Wednesday, March 2, 2011

We Have A Long Way To Go

That’s what the executive director of a group that’s been totally funded by government for the last 30 years said to me last week.

And amazingly enough, she said it cheerfully.

“We could be making so much more from our event – we make $25,000 and we don’t do a thing,” she explained. “We don’t even ask people – we have over 100 vendors and we don’t ask them for a thing.”

Once her eyes had been opened, she could see what a journey they could take – and the same can-do nature that enabled her to lead a nonprofit with over 100 social work staff kicked in to connect fundraising with her zest for the job.

It’s this can-do nature – so prevalent in the nonprofit universe – that makes change possible, and that, ultimately, leads to institutional resilience. We’re certainly not in it for the money; that same blind determination that leads some people to found nonprofits leads others to run institutions they haven’t founded, even in the face of adversity.

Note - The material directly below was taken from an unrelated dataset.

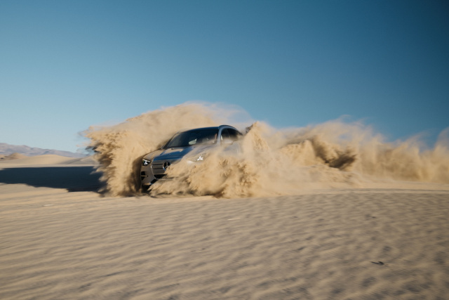 Die Vorteile, die Luftfederung und Hinterachslenkung mit einem Einschlagwinkel von bis zu 4,5 Grad im Alltag mit sich bringen, verpuffen hier im kalifornischen Wüstensand nahezu komplett. Das Zusammenspiel von E-Motoren, Bremseingriffen und Kraftverteilung verschiebt die Grenzen der Fahrdynamik eindrucksvoll ohne dass ein Verbrenner aufheult oder man sich Sorgen um Kühlung von Achsen und Motor machen muss. So düst der elektrische GLC im seitlichen Drift den nächsten Sandberg hinauf und auf der Schattenseite wieder herunter. Kein Wunder, dass an besonders beliebten Wochenenden aus dem San Bernadino Valley oder Las Vegas tausende von Wüstenfans an den Dumont-Spielplatz kommen.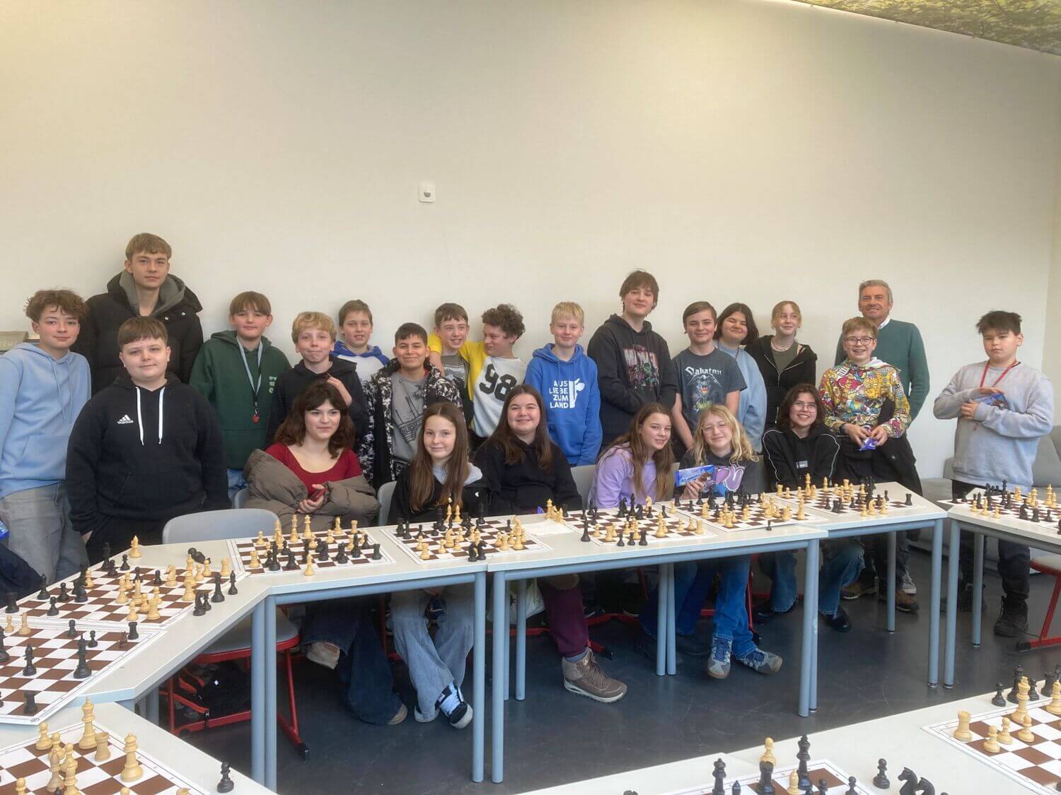 Das Turnier 2025 war ein großer Erfolg: Von 51 Spielen konnten die Schülerinnen und Schüler 13 Siege und 7 Remis erzielen – beachtliche Ergebnisse, die den Fortschritt und die Schachkompetenz der Teilnehmerinnen unterstreichen. Jeder Teilnehmer*in erhielt als kleine Anerkennung einen schokoladigen Preis.

Somehow, we’re optimists – we believe we can make a difference, and that we will – that somehow it’s going to work out. Because it must.

Why else would we still be here, after the battering we’ve been taking for the last 24 months?

I myself am inspired by the fact that this ED saw the glass half-full – she saw where they could go, and how far they were from their destination – and instead of despair, she saw the opportunity for progress.